Exactly the lines from the top of the records below through the one containing "中文系主任宋德发教授讲话。伊" must be set down, with no line added or dropped.

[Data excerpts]
◆ ◆ ◆ ◆ ◆

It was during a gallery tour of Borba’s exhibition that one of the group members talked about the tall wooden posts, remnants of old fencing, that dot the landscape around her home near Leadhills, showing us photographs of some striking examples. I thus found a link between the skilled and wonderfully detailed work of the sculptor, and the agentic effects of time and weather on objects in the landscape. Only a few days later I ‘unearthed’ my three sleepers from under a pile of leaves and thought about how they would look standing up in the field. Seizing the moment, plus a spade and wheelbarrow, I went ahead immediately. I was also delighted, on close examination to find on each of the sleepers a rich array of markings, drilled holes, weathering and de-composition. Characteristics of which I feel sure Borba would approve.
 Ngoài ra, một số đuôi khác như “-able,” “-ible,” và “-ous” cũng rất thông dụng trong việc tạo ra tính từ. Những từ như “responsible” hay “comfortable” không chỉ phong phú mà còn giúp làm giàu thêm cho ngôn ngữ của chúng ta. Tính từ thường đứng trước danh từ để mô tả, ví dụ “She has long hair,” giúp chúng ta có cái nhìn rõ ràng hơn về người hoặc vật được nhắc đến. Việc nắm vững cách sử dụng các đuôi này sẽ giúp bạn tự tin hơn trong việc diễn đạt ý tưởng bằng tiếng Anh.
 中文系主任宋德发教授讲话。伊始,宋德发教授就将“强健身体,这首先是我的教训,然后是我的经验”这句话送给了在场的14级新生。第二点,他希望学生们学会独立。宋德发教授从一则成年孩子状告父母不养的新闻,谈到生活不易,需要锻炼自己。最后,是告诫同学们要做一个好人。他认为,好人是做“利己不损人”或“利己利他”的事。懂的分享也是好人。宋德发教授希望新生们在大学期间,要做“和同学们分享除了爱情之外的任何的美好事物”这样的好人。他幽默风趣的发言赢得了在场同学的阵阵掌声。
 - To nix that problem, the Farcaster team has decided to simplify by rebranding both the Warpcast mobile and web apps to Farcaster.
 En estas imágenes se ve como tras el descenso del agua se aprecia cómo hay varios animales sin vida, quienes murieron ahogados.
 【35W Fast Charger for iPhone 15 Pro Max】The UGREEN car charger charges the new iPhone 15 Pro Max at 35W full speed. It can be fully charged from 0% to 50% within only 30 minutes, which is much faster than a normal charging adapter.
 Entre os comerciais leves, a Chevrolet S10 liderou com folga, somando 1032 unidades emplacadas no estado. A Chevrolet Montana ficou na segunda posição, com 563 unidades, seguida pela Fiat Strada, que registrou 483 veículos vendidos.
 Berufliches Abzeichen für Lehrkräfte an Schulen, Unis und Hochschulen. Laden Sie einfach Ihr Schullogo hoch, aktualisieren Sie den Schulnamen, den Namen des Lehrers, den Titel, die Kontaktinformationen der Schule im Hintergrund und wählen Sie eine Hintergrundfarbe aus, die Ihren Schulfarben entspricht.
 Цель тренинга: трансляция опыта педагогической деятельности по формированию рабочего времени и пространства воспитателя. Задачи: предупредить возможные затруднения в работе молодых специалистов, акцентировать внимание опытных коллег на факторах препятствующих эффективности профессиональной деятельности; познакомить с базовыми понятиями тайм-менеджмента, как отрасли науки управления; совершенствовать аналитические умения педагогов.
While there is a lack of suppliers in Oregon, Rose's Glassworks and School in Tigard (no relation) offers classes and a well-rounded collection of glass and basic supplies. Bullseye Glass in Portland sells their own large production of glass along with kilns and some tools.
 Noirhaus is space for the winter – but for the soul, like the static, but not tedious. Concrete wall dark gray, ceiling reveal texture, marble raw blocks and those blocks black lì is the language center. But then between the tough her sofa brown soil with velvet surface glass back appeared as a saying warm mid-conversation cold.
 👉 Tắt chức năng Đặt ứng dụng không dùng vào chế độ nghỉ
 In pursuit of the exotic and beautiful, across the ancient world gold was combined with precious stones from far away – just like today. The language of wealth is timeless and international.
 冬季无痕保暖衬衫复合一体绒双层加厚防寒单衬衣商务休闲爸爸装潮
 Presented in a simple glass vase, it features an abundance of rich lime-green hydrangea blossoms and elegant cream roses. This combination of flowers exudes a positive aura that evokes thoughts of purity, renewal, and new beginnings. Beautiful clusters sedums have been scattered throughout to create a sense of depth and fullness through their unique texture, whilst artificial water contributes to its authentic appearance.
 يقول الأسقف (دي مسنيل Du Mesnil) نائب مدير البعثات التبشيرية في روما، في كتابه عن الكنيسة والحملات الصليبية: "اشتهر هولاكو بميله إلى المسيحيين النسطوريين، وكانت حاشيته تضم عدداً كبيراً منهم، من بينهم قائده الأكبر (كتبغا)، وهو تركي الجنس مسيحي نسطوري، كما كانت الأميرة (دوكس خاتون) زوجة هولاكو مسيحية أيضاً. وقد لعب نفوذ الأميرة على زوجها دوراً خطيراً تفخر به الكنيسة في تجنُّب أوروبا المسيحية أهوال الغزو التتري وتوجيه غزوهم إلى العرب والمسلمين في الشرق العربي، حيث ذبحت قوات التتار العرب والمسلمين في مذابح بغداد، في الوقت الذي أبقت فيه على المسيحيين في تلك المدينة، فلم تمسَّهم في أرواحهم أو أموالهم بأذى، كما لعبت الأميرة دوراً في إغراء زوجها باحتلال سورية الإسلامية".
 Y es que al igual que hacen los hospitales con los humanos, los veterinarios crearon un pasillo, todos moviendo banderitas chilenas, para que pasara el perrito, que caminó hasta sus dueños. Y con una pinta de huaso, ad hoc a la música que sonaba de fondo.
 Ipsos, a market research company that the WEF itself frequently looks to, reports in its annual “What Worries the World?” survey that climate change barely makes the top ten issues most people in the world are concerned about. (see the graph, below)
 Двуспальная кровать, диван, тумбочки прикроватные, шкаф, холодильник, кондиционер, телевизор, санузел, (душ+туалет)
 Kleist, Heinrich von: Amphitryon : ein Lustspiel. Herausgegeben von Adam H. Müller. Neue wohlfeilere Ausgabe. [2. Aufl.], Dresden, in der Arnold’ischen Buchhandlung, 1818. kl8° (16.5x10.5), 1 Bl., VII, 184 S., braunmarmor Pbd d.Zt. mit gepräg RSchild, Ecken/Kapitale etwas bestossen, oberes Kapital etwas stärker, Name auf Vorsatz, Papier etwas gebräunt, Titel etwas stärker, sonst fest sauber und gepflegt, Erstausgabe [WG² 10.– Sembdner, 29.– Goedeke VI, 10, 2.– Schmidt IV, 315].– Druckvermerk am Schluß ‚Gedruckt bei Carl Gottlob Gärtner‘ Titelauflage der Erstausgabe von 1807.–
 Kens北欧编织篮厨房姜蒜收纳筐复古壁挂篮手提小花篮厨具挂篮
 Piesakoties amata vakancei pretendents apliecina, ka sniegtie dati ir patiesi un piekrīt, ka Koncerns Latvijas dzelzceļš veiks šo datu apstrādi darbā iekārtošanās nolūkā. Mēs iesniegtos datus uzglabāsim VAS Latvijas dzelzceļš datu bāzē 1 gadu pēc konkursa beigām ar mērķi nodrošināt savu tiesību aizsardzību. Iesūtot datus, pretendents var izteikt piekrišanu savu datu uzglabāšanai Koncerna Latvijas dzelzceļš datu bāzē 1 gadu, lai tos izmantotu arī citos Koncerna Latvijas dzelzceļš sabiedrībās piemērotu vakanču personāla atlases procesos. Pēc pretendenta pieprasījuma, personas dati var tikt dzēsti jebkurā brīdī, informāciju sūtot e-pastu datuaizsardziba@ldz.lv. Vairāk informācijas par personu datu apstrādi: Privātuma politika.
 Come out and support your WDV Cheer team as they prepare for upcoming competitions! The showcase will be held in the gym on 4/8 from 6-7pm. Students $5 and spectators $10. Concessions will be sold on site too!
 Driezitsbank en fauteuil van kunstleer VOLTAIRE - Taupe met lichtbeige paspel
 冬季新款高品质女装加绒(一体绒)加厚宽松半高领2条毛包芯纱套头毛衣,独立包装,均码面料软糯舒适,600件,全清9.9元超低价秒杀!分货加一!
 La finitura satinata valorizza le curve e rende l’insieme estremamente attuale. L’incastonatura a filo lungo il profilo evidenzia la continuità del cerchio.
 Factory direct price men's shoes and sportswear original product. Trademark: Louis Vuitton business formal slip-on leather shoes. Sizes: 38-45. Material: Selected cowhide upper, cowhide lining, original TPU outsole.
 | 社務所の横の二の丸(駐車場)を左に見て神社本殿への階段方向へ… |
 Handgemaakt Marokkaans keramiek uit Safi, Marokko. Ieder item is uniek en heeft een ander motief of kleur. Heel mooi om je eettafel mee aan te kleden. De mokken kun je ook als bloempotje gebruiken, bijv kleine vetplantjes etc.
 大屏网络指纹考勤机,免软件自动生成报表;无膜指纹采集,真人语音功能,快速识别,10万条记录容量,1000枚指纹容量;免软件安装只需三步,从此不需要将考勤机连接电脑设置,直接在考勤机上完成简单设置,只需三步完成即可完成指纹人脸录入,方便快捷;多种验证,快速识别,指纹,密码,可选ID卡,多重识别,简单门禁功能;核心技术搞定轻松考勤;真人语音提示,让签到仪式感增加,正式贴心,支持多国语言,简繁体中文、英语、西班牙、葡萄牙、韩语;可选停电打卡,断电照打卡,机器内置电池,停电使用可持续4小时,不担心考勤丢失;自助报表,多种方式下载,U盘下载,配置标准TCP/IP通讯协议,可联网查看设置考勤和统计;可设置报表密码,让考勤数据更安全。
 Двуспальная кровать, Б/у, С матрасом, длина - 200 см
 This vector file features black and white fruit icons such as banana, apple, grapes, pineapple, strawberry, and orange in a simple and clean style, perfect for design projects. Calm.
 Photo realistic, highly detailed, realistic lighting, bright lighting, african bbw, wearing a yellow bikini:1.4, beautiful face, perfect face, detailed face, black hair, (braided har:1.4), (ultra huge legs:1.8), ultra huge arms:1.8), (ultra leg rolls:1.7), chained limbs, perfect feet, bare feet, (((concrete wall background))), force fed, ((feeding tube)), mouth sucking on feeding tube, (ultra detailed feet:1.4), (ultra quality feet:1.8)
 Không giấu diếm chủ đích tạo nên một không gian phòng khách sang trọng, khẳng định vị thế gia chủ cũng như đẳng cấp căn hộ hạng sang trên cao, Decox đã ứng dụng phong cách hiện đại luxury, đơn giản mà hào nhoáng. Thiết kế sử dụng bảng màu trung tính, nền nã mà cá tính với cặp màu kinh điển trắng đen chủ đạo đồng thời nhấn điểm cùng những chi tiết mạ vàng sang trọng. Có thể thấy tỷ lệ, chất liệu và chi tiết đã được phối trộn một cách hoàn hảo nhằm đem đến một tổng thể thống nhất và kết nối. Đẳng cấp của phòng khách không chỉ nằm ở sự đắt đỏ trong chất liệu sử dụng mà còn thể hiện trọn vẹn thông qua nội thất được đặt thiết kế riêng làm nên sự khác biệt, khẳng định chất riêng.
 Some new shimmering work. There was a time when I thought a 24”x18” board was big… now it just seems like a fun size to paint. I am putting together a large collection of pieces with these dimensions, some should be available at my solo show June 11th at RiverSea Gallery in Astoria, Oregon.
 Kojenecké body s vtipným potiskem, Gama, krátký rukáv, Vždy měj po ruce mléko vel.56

◆ ◆ ◆ ◆ ◆

» **Response for this exercise**:
It was during a gallery tour of Borba’s exhibition that one of the group members talked about the tall wooden posts, remnants of old fencing, that dot the landscape around her home near Leadhills, showing us photographs of some striking examples. I thus found a link between the skilled and wonderfully detailed work of the sculptor, and the agentic effects of time and weather on objects in the landscape. Only a few days later I ‘unearthed’ my three sleepers from under a pile of leaves and thought about how they would look standing up in the field. Seizing the moment, plus a spade and wheelbarrow, I went ahead immediately. I was also delighted, on close examination to find on each of the sleepers a rich array of markings, drilled holes, weathering and de-composition. Characteristics of which I feel sure Borba would approve.
 Ngoài ra, một số đuôi khác như “-able,” “-ible,” và “-ous” cũng rất thông dụng trong việc tạo ra tính từ. Những từ như “responsible” hay “comfortable” không chỉ phong phú mà còn giúp làm giàu thêm cho ngôn ngữ của chúng ta. Tính từ thường đứng trước danh từ để mô tả, ví dụ “She has long hair,” giúp chúng ta có cái nhìn rõ ràng hơn về người hoặc vật được nhắc đến. Việc nắm vững cách sử dụng các đuôi này sẽ giúp bạn tự tin hơn trong việc diễn đạt ý tưởng bằng tiếng Anh.
 中文系主任宋德发教授讲话。伊始,宋德发教授就将“强健身体,这首先是我的教训,然后是我的经验”这句话送给了在场的14级新生。第二点,他希望学生们学会独立。宋德发教授从一则成年孩子状告父母不养的新闻,谈到生活不易,需要锻炼自己。最后,是告诫同学们要做一个好人。他认为,好人是做“利己不损人”或“利己利他”的事。懂的分享也是好人。宋德发教授希望新生们在大学期间,要做“和同学们分享除了爱情之外的任何的美好事物”这样的好人。他幽默风趣的发言赢得了在场同学的阵阵掌声。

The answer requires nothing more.